企業版ふるさと納税について

税理士法人とどろき会計事務所

橋本 崇浩

 企業版ふるさと納税とは、地方創生のための取り組みで、正式には「地方創生応援税制」といいます。国が認定した地方公共団体の地方創生プロジェクトに対して、企業が寄附を行った場合に法人税額等から税額控除ができる制度であり、平成28年にスタートしています。個人のふるさと納税とは異なり返礼品が届くというものはなく、税の軽減効果も最大6割であったことから、認知はされつつあったものの大きな広がりとまでは進んでいませんでした。

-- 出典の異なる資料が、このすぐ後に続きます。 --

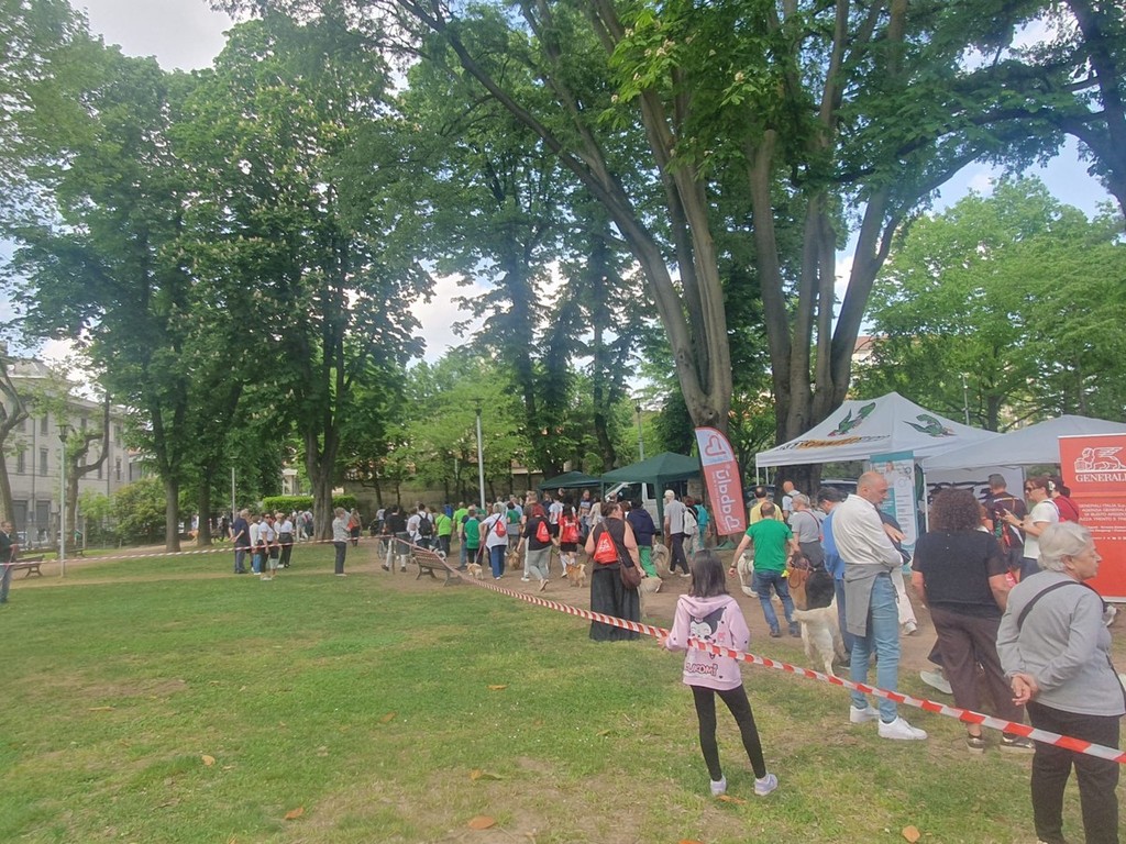 È stato ancora una volta l’ululato del comico Stefano Chiodaroli e dei suoi splendidi pastori tedeschi a dare il via alla Camminata a sei zampe. Un centinaio gli iscritti alla passeggiata di due chilometri e mezzo per il centro di Busto Arsizio con il proprio cane al guinzaglio, tenutasi nel pomeriggio di oggi, domenica 19 aprile, con partenza dal parco Cossetto di via Ugo Foscolo.
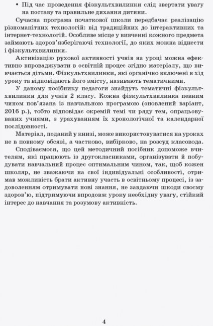 У даному посібнику педагоги знайдуть тематичні фізкультхвилинки для учнів 2 класу. Кожна фізкультхвилинка певним чином пов’язана із навчальною програмою (оновлений варіант, 2016 р.), тобто відповідає окремій темі чи ряду тем, опрацьованих учнями, з урахуванням їх хронологічної та календарної послідовності.
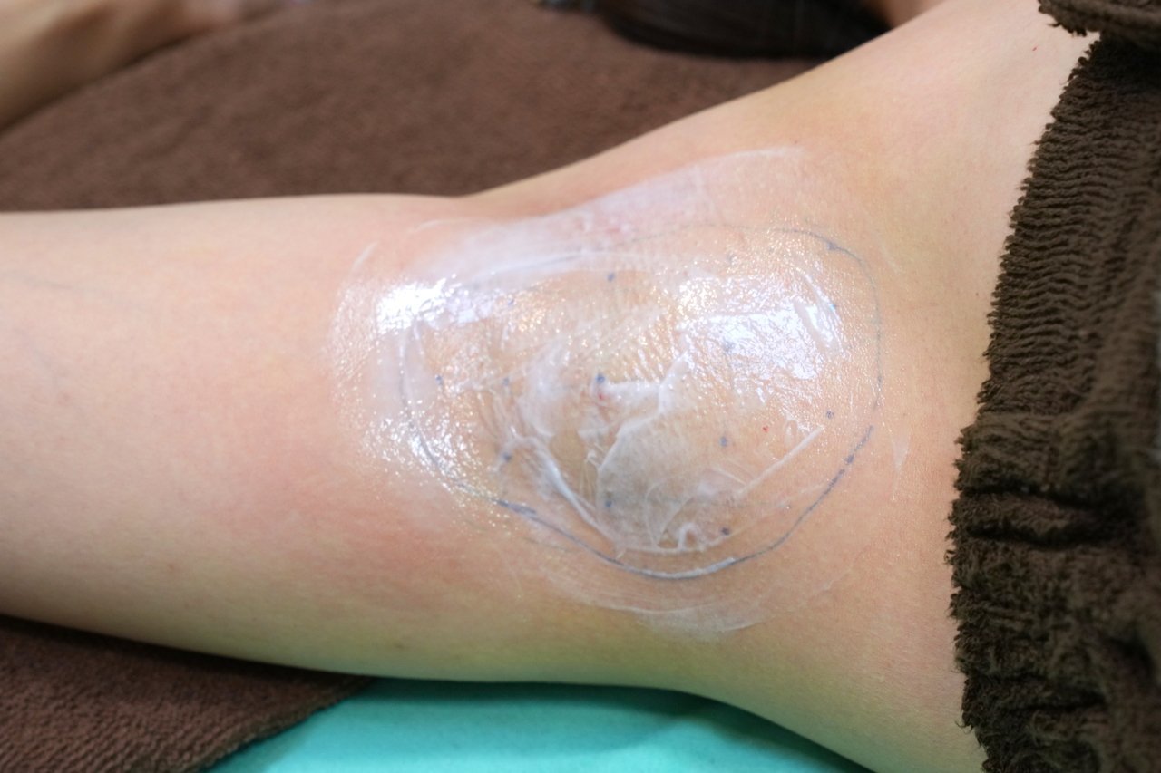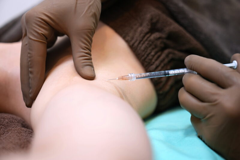 術中の痛みを最小限にするため、注射する部位を十分に冷却してから行います。さらに、針は非常に鋭く細い、専用のものを使用します。以上の対策により、注射の痛みは軽い「チクチク」としたものに限られ、ほとんどの方が、強い苦痛を感じることはないようです。痛みに不安がある場合は、別途費用で麻酔クリームの使用も可能ですので、あらかじめご相談ください。

 令和2年度税制改正で、最大6割であった税の軽減効果が最大で約9割まで引き上げられました。これにより実質的な企業負担が約1割となり、活用のメリットが大きくなったことから再注目されました。さらに、近年のSDGsやESG投資への関心の高まりも重なり、内閣府資料によると、令和3年度の企業版ふるさと納税の寄附実績は、金額と件数ともに前年度比約2倍となり、取り組む企業が大きく増えたことがわかります。

 企業版ふるさと納税を活用するメリット

  • 地方公共団体のホームページや広報、寄附事業で整備された施設の銘板に社名が記載されることもあり企業のPRになり得ます。
  • 企業版ふるさと納税を通じて、地域が抱える様々な社会課題、例えば環境保全や人材育成、まちづくりなどを支援することで、企業としての社会貢献が可能となります。また、地方創生プロジェクトにはSDGsやESGに寄与するものもあります。
  • 被災地の復興に直接的に大きな支援が行えたり、創業地や縁のある地へ恩返ししたりすることができます。

 先日、私が関与させていただいているお客様でもこの制度を利用し、自治体に多額の寄附をされ税額控除を受けられました。計算すると実際の軽減効果は70数%(地方税など税目ごとに限度額があり必ず9割になるわけではありません)ではありましたが、目的に沿った寄附が行えたことで、お客様の目的が果たせたとともに税メリットも得ることができました。これからも当制度は少しずつ広がっていくと考えられますので、ご興味のある方は各担当者にご確認いただくとともに、企業版ふるさと納税ポータルサイト(内閣官房・内閣府総合サイト)よりご確認いただければと思います。